R is the region bounded by the functions f(x)=3√x−4 and g(x)=3x/5−8/5. Find the area A of R. Enter answer using exact values.

 

[jonah1]

Beer soaked query follows.

R is the region bounded by the functions f(x)=3√x−4 and g(x)=3x/5−8/5. Find the area A of R. Enter answer using exact values.

What have you done so far?

 

[Greg]

R is the region bounded by the functions f(x)=3√x−4 and g(x)=3x/5−8/5. Find the area A of R. Enter answer using exact values.

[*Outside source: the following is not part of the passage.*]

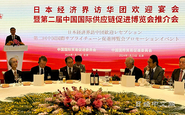 在23日的欢迎宴会上,中国国际贸易促进委员会会长任鸿斌强调,中日经济能通过相互合作将蛋糕做得更大,相信中日经贸合作将迈上新台阶。担任团长的日中经协会长进藤孝生(日本制铁董事长)回应称:“希望从经济交流的层面为进一步发展两国关系提供支持。”

You need the roots $a,b$ of the equation $3\sqrt{x}-4=3x\sqrt{5}-\frac{8}{5}$

Once you have established these roots use them as endpoints in

$\int_{a}^{b}\left(3\sqrt{x}-4-3x\sqrt{5}+\frac{8}{5}\right)dx$

The result is the area $A$ of $R$.

 

[HOI]

Is the first first function $f(x)= \sqrt{x}- 4$ or $f(x)= \sqrt{x- 4}$?

Also I do not see the second function as $g(x)= 3x\sqrt{5}- \frac{8}{5}$. I see $g(x)= \frac{3x}{5}- \frac{8}{5}= \frac{3x- 8}{5}$.

 

[skeeter]

Just spitballin’ here ...

I would say $f(x) = 3\sqrt{x} - 4$ since it yields a simpler, nice solution when equating it to $g(x)$

 

[Greg]

Is the first first function $f(x)= \sqrt{x}- 4$ or $f(x)= \sqrt{x- 4}$?

Also I do not see the second function as $g(x)= 3x\sqrt{5}- \frac{8}{5}$. I see $g(x)= \frac{3x}{5}- \frac{8}{5}= \frac{3x- 8}{5}$.

yeah should have zoomed the page... lol... :)